# Clic tactile sur Magic Mouse



## Grivius (19 Décembre 2009)

Bonjour,

J'aimerais activer le clic tactile sur la Magic Mouse. Je sais qu'Apple ne le propose pas de base, mais existe-t-il peut être un soft pour faire ça ?

Merci d'avance,
Grivius.


----------



## naas (19 Décembre 2009)

BetterTouchTool


----------



## Grivius (19 Décembre 2009)

Parfais c'est exactement ce qu'il me fallait !


----------



## ronparchita (4 Novembre 2010)

Grivius a dit:


> Parfais c'est exactement ce qu'il me fallait !


Bonjour,

Je peine un peu avec ce logiciel.

J'ai pu, grace a l'aide d'un genereux donateur prénommé Luc, activer cette fonction.
Et ça marche ! Trop bien !

Souvent, en glissant ma fleche au-dessus de la liste de mes emails pour aller activer autre chose, sans que je "tape", ça ouvre des emails au passage et ça me fait perdre celui que j'avais fini par retrouver et selectionné.

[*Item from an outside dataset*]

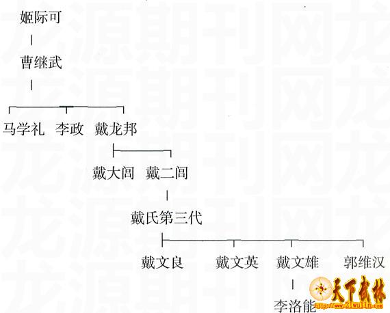(2)传说中戴龙邦有两子,大闾二闾,以及戴龙邦孙子和重孙子很难查到。为了说明辈分,戴儿子还是用传说中的大闾二闾,到孙子辈写成戴氏第三代。有传说,李洛能拜戴文良为师,文良有弟二人妹一人,我把他们写成戴氏第四代。这样形成戴氏家族有四代人传练“心意拳”。
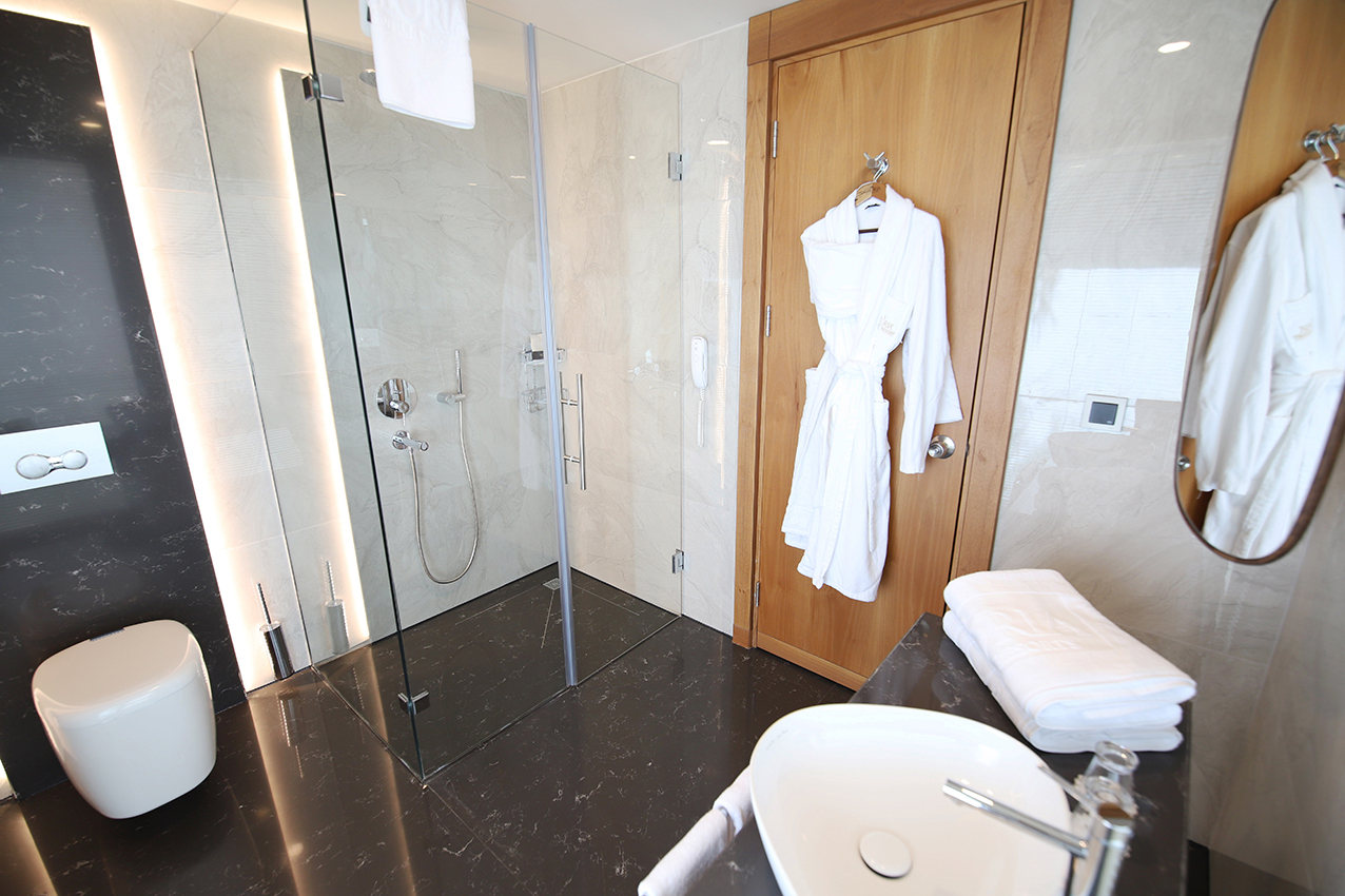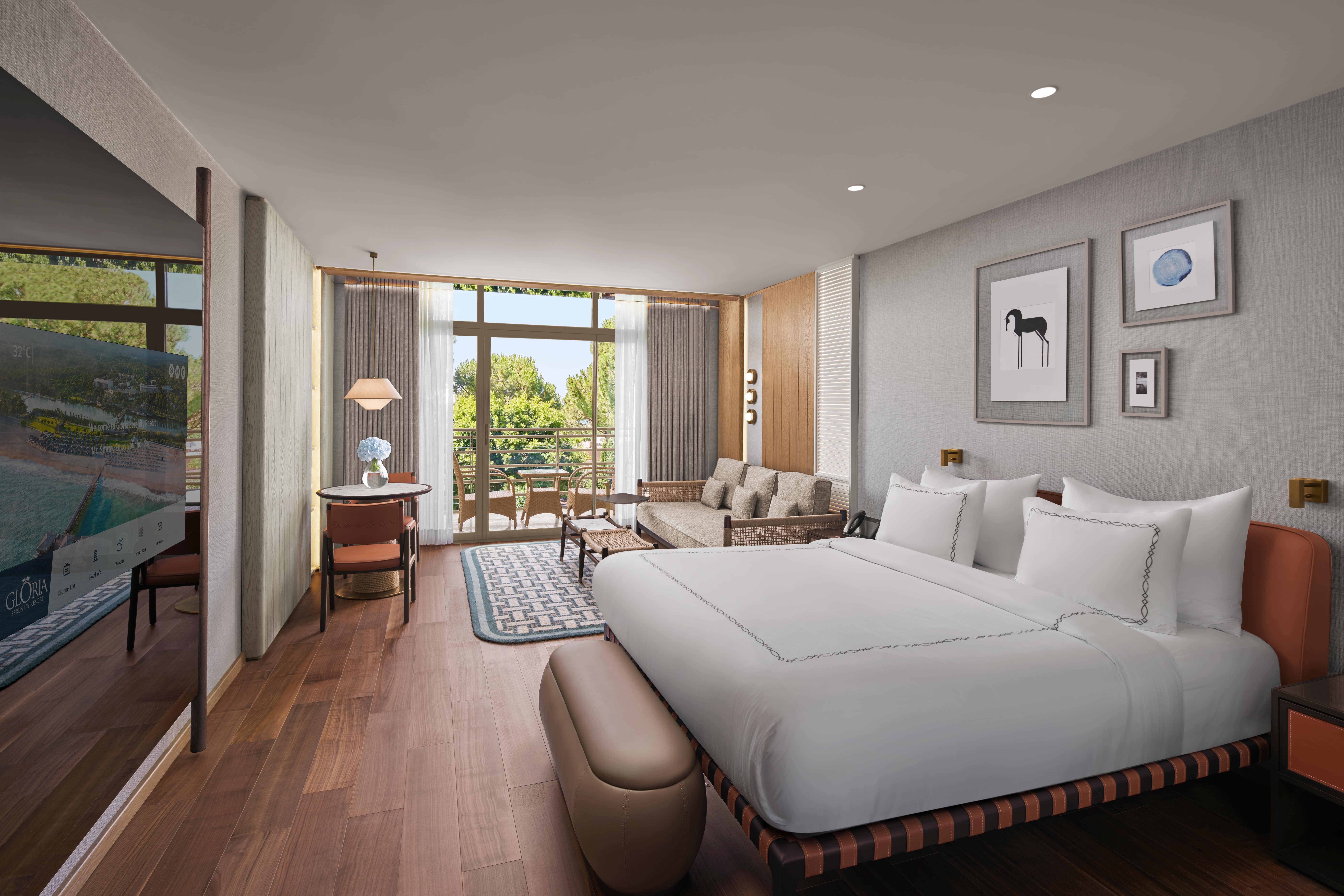 Расположение номера: в основном здании Вид из номера: на море/на сад Джакузи: на балконе Покрытие пола: Ламинат Наполнение мини-бара: Безалкогольные и алкогольные напитки. Пополняется ежедневно. Оборудование кухни: кухонная зона с кофемашиной, электрическим чайником и раковиной Уборка в номере: ежедневно Смена белья: раз в два дня Дополнительные услуги: кофемашина Nespresso 2 балкона (1 с джакузи). 3 ванные комнаты. 2 гардеробные.<br /> Павильон на пляже - бесплатно (доступно в летний сезон со 2 по 5 линию в<br /> зависимости от наличия).<br /> Быстрое обслуживание в аэропорту Fast Track (на обратном вылете).<br /> Glorian Guest Service Agent.<br /> VIP-концепция – возможность бесплатно пользоваться главными ресторанами, снэк-ресторанами, а ля карт ресторанами и барами трех отелей Gloria Hotels & Resorts (за исключением ресторана Teppanyaki). |

Ca pourrait etre un exces de sensibilité. En fait je n'arrive pas a retrouver le chemin pour aller regler ça, et la fois ou j'y étais parvenu, les commandes ne m'avaient pas semblées tres claires.
Qui pourrait me donner une petite poussette s'il vous plait ?


----------



## eldison (5 Novembre 2010)

Bon je sais pas si ma réaction (si tardive) à bien lieu d'être mais je la tente quand même ^^

Pour tous ce qui est de gérer sa Magic Mouse et de son tactile j'utilise MagicPrefs


----------



## ronparchita (7 Novembre 2010)

eldison a dit:


> Bon je sais pas si ma réaction (si tardive) à bien lieu d'être mais je la tente quand même ^^
> 
> Pour tous ce qui est de gérer sa Magic Mouse et de son tactile j'utilise MagicPrefs



Merci Eldison,

Je vais essayer parce qu'avec BTT je n'arrive pas à reduire la sensibilité, ça devient trop agaçant 

Je viens d'aller au bout de ton lien et ça m'inspire une question : est-ce que quelqu'un a dejà expliqué pourquoi  à part quelques illustres exceptions tout de même (VLC par exemple) la majorité des softs pratiques nait apparemment du génie des anglophones  .


----------



## ronparchita (7 Novembre 2010)

Pas mieux malheureusement, le "tap" unique sur la souris est déconseillé.

Y a t-il un moyen de diminuer la sensiblité du tap unique avec BTT 

D'avance merci


----------